Maurice Ringot (1880 in Bergues – 1951) was a French sculptor, best known for his war memorials. He also did work for churches and private individuals.

Early life
Ringot came from a family of marbriers and sculptors, and studied in local colleges before entering the École des Beaux-Arts in Lille and then Paris. After his studies he returned to Bergues, married Hélène Sagary and set up his studio in the rue de l'Arsenal. There he produced his first major monument: the figure of Johannes Gutenberg for the front of the then Le Nord Maritime newspaper building in Dunkirk.  This work is now in the Jean Bart school.

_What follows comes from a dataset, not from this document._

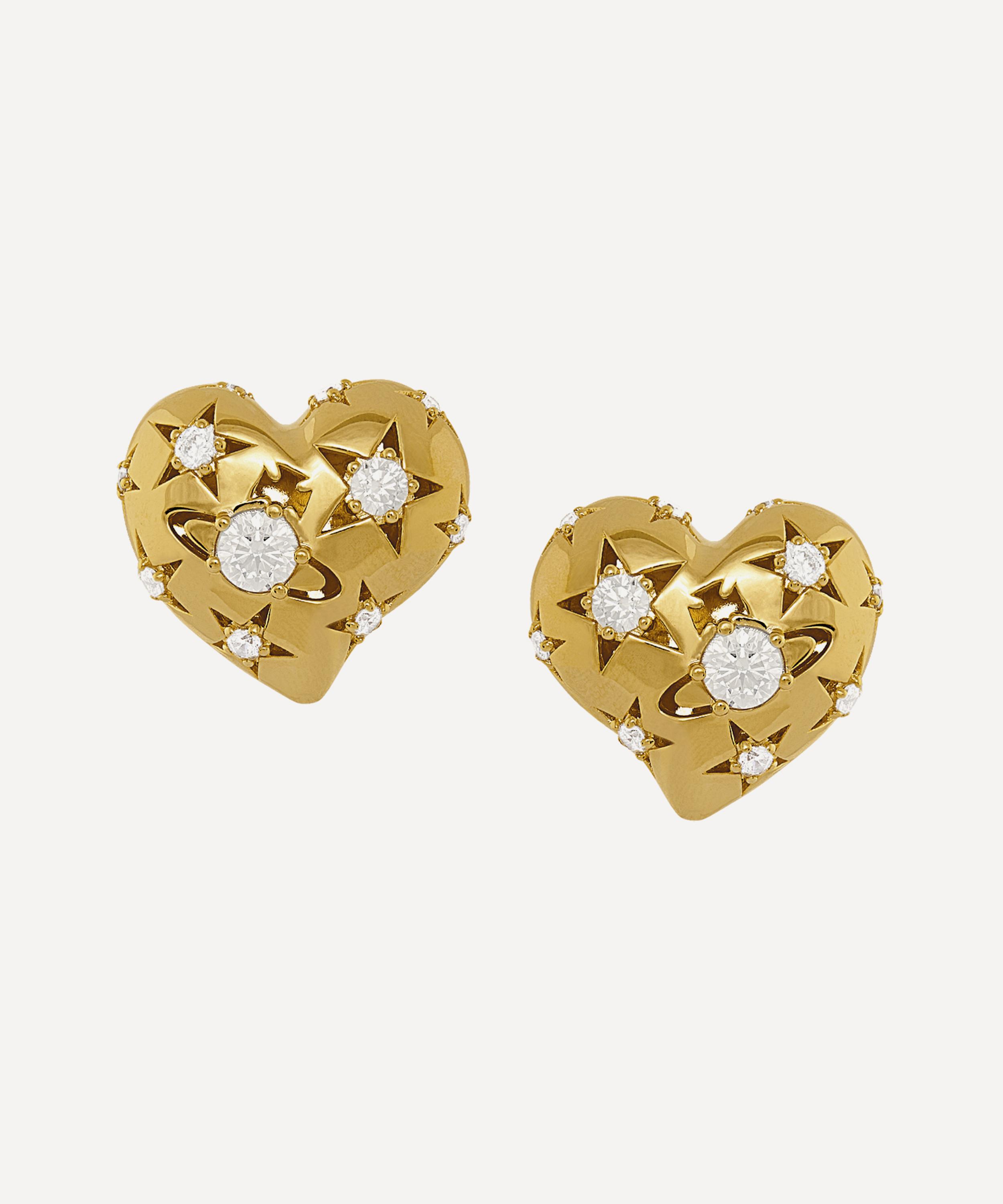 Channelling the brand’s rebellious spirit and individuality, each earring is crafted from gold-tone brass, featuring a puffy, heart-shaped design adorned with a cut-out orb and stars motifs set with cubic zirconia. Wear these statement-making earrings on their own, incorporate them into a stack, or pair with matching pieces from the brand for a co-ordinating look.

In 1910 he moved to Malo-les-Bains and employed several workers and artists, one of whom was Louis Piron. Seven years later Ringot moved to the Seine-Maritime region and lived and worked there for several years before returning to Malo-les-Bains where he lived out the rest of his life.

War memorials 
French towns and villages often gave priority to local sculptors when erecting their war memorials and therefore Ringot was often chosen to sculpt war memorials in the Nord department.  He also worked on war memorials for the Seine-Maritime area where he was a resident for some time.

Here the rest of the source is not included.